On July 16, 2019, the Company entered into master services agreement with Arvinas and Bayer LP (collectively, MSA). The language in each agreement mirrors the other. The MSAs each outline parameters for Arvinas and Bayer LP to perform services on behalf of Oerth and be compensated therefore. The services are outlined in individual statements of work (SoWs), which outline the work performed by Bayer LP or Arvinas for a defined period. The SoWs can be amended through change order procedures outlined in the SoW and are expected to renew upon expiration. Using a defined period allows for a descriptive outline of services, such as knowledge share, assay development, biological and chemical screening, and bio and chem informatics.
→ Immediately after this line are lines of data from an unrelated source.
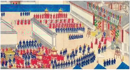 Despite the frequent changes in political power in China, the country’s cultural form has remained largely intact (Peng et al. 2022). During the establishment of the Qing dynasty (1644–1912), there was a continuation of the Six Rites system inherited from previous dynasties, along with the integration of distinct Manchu influences. The most notable change in Qing dynasty wedding rituals was the incorporation of Ming dynasty practices, combined with the addition of Manchu cultural customs. The fusion of these elements resulted in a diverse and inclusive wedding system that incorporated various aspects, including the ceremony process. The Qing Shi Gao 清史稿 provides detailed accounts of the wedding rituals and protocols for different social classes, including the emperor, crown princes, princesses, and high-ranking officials (Tong 1991). For instance, the illustration in Figure 3 of the “Complete Pictorial of Wedding Ceremonies” during the reign of Emperor Guangxu (1875–1908) depicts a grand procession for the bride’s welcoming, with imperial envoys sent on behalf of the emperor. Additionally, it was required that one day before the wedding, officials be sent to perform sacrificial rituals at the suburban altar and ancestral temple. In addition to the traditional and standardized Six Rites, there are additional steps specific to the imperial princes’ weddings. The prince and his bride must observe a nine-day post-wedding period known as “Gui Ning (歸寧)” before returning to their residence. In the case of princesses’ marriages, the Qing dynasty incorporated its own customs. After the marriage is arranged, the groom must go through a ritual similar to betrothal inquiries at the Meridian Gate. On the wedding day, it is strictly required for the groom’s family to pay respects at the Meridian Gate and present specific gifts known as the “Yi Jiu (一九)” ceremony, which includes a precise number of items such as 18 saddled horses, 18 sets of armor, 21 horses, 6 mules, 81 sheep, 45 bottles of milk wine and yellow wine, and 90 banquet tables. Finally, the princess must return to the palace and express gratitude after a nine-day post-wedding period. Therefore, in Qing Dynasty weddings, there was a significant association with political values. These ceremonies and regulations, which accommodated both Manchu and Han traditions, may have symbolized the endorsement and support of the Qing government.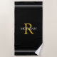 Monogram/Name Gold/Wht Text Wht Stripes, Black Beach Towel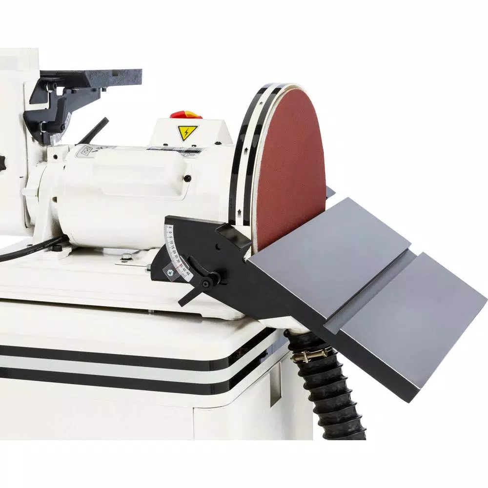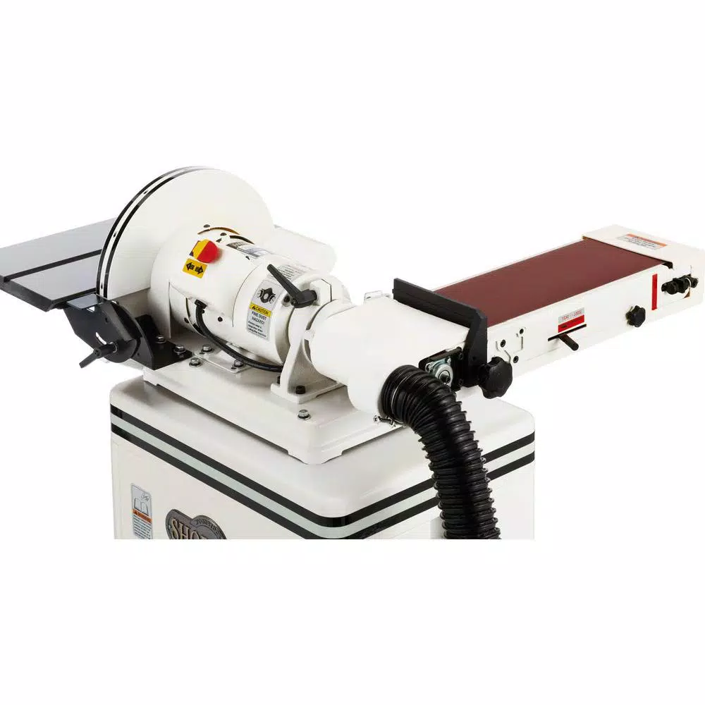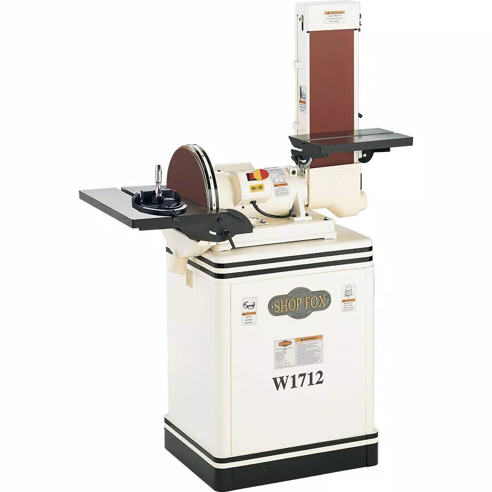 This Heavy-Duty Combination Sander uses a 6 in. x 48 in. belt, a 12 in. disc and a 1-1/2 HP motor to tackle your tougher sanding operations. Unlike many belt-driven sanders that require adjustments, the Shop Fox W1712 uses a direct ball bearing drive from the motor to the sanding disc and belt to deliver a maintenance and vibration free positive torque flow. For increased sanding versatility and control, both cast iron tables accept the miter gauge.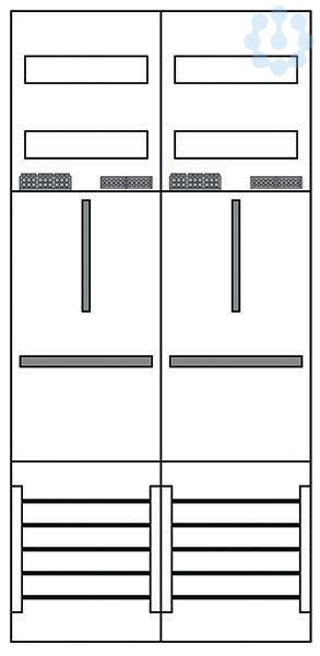 Zählerfeld 2-feldrig, 2-Zählerplätze 3.HZ, Höhe 1050mm, Breite 500mm, Sammelschienensystem 5-polig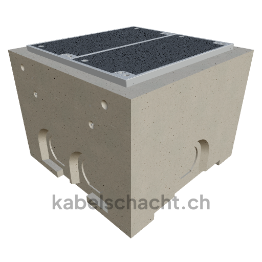 Gaine de câbles modulaire Dimensions intérieures 80 x 80 cm Profondeur 68,3 cm Couvercle ECO Largeur intérieure 80 et longueur intérieure 80 cm, classe de charge C250 2 couvercles en acier chromé V2A avec roulettes intégrées, fixation à 4 vis et raccordement au revêtement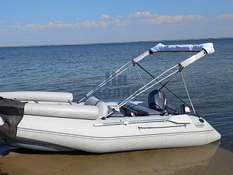 Усиленный носовой тент с дополнительной дугой - таргой, защитит вас, ваших пассажиров и вещи от брызг. Носовой тент и дуга для троллинга в одном комплекте

For the periods ended December 31, 2020 and 2019, the Company paid Arvinas $37,024 and $59,330 pursuant to the MSA, respectively. For the year ended December 31, 2020, the Company paid Bayer $306,520 in 2020 pursuant to the MSA. No amounts were paid to Bayer for the period ended December 31, 2019, pursuant to the MSA. As of December 31, 2020, costs of $1,260 were recorded within accounts payable and accrued expenses to Arvinas. As of December 31, 2020, costs of $292,518 were recorded within accounts payable and accrued expenses to Bayer. No amounts were recorded within accounts payable or accrued expenses as of December 31, 2019 for Arvinas or Bayer.

10. Subsequent Events

The Company evaluated subsequent events from December 31, 2020, the date of these financial statements, through February 19, 2021, which represents the date the financial statements were issued, for events requiring recording or disclosure in the financial statements for the year ended December 31, 2020. The Company concluded that the only event that occurred that would require recognition or disclosure is related to the sale leaseback arrangement described below.  

Sale Leaseback Arrangement—On January 29, 2021, the Company entered a sale leaseback transaction for certain lab equipment with a total asset value of $284,208.